Senators want the Federal Trade Commission (FTC) to “assess” whether big tech companies including Google, Facebook and Amazon are committing anti-trust violations — but economists say the established interpretation of antitrust laws could make a viable legal case against these companies almost impossible.

The Senate Commerce Subcommittee on Consumer Protection, Product Safety and Data Security discussed the issue at length with the FTC at its oversight hearing Tuesday, where ranking member Sen. Richard Blumenthal (D-Conn.) accused the FTC of failing to protect consumers from Big Tech.

“This issue is about Big Tech, and Congress is fed up,”  he said in his opening statement. “It’s about Big Tech no longer being entitled to say to America, trust us. Big Tech is no longer entitled to that trust, if it ever was. Big Tech may be no longer entitled to be as big as it is. The misuse of that power can violate antitrust laws. It’s not only privacy, but also antitrust that has to be assessed.”

FTC Commissioner Rohit Chopra — a Democrat — told the committee he thinks fining and breaking up tech companies may not be enough to deter malpractice, like lax data security and privacy violation.

“While big penalties made for good headlines, I question whether they truly deterred lawbreaking,” Chopra said, comparing Big Tech to the finance industry after the Great Recession:  “Too many executives evaded responsibility and even got a bonus for their skillful dealing with the government.
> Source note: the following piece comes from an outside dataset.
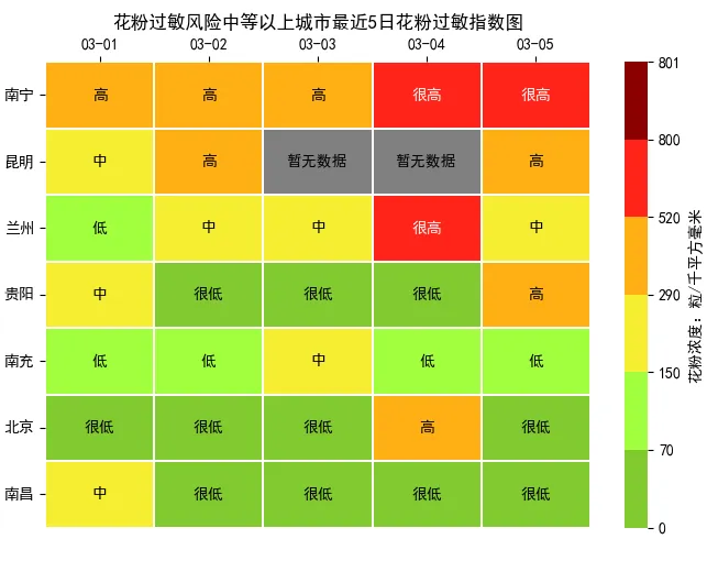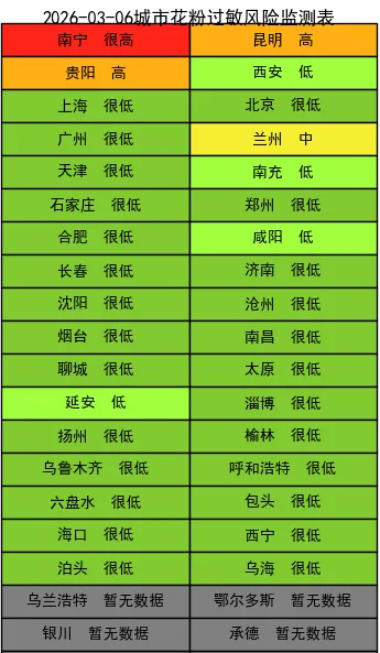 南宁花粉过敏风险很高!昆明、贵阳花粉过敏风险高!共有 7 个城市最近5日曾经花粉浓度过敏风险中等以上,3月6日花粉过敏指数播报

Even after they made settlements, we continued to fight fire after fire.”

Chopra also agreed with Blumenthal that there is a serious monopoly problem within Silicon Valley that may merit an antitrust investigation.

“If you talk to investors, many will tell you that they’re not going to fund a start up unless they can figure out how to sell that company to an existing large incumbent like Google or Facebook,” he said. “That makes me question, do we really have an innovative and competitive market?”
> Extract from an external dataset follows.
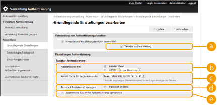 Sie können detaillierte Einstellungen für die Authentifizierungsfunktionen konfigurieren.
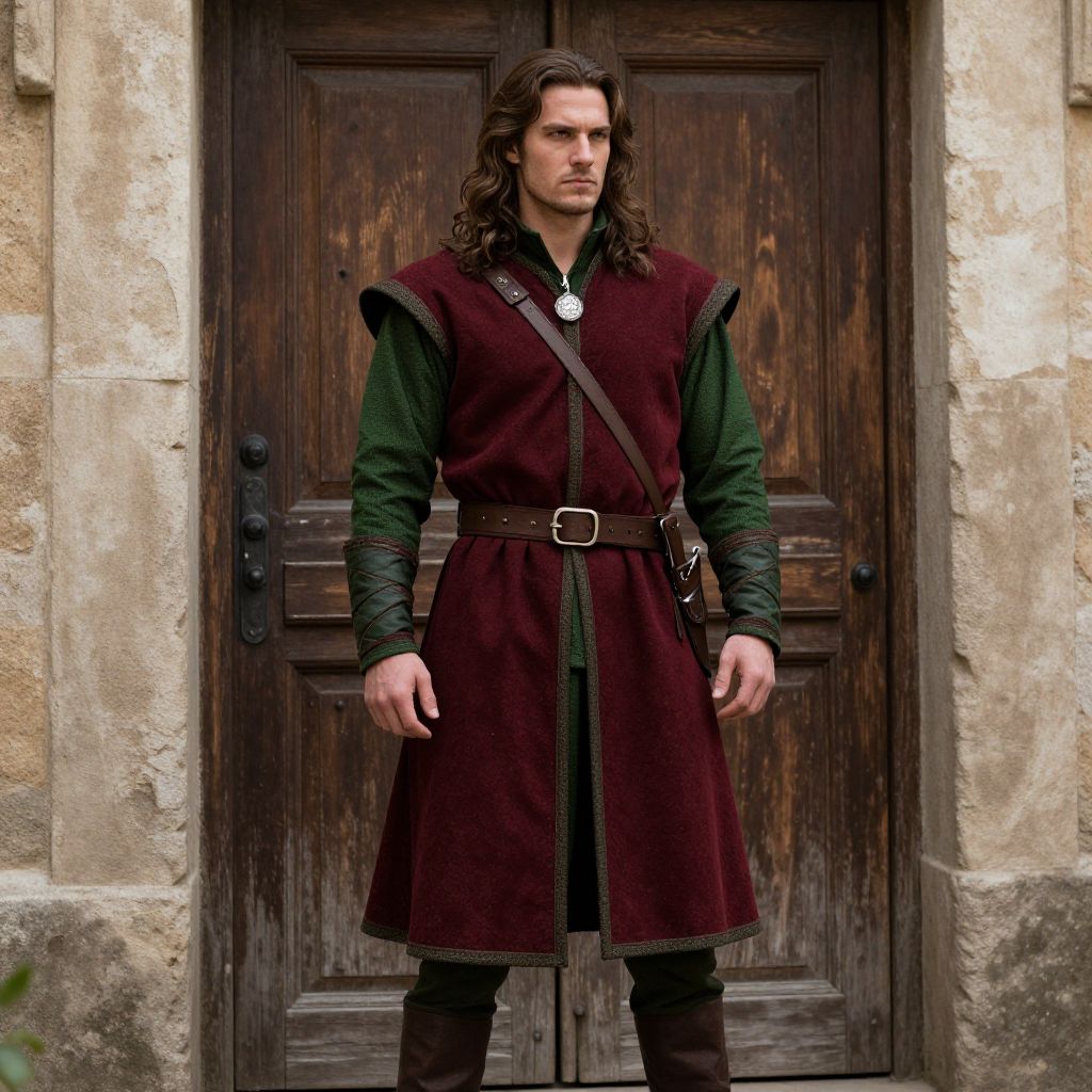 Medieval Man in Crimson and Green Costume

But economists say it isn’t so simple.

In an article for Yale Review published a year ago, Lina Kahn, a legal fellow at Yale specializing in competition law, wrote that current interpretation of antitrust laws “focuses exclusively on consumer welfare.”

Kahn argues this is a “mistake” because this definition of competition only focuses on the short-term, allows monopolies to develop and limits consumer choice and consumer freedom.

In other words, current antitrust law assumes that if prices for goods and services are falling, then that can only be a good thing — even if falling prices are accompanied by market consolidation and fewer choices for consumers.

Instead, “antitrust law and competition policy should promote, not welfare, but competitive markets.”

Big tech companies like Google and Facebook, which offer their services for free, and Amazon, which sells goods for exceptionally low prices, don’t fit the right profile for antitrust litigation — even though they may be considered monopolies in their respective industries.

“It’s about market power,” Lawrence White, professor of economics at New York University’s Leonard N. Stern School of Business, told InsideSources. “The antitrust laws are not about pure size.”

Because market power is defined in terms of price-setting, he said, “Facebook may not be an antitrust problem.”

“Facebook got to its size because it was pretty good at what it was doing, which was providing all kinds of connectivity for individuals who really liked that connectivity,” White added. “Under current interpretation of antitrust laws, no one thinks that case could be won (to break up Facebook or Google). Even if you could break them up, five years later there will be one big social media company [again] just because people will be gravitating to where all their friends hang out. Facebook has other things, like the Cambridge Analytica scandal, and that is a problem, but not an antitrust problem.”

In order to bring antitrust litigation against these tech companies, then, the definition of competition and market power must change. But White thinks that isn’t likely.

“I think it’s impossible to come up with antitrust policies to deal with tech companies,” he said.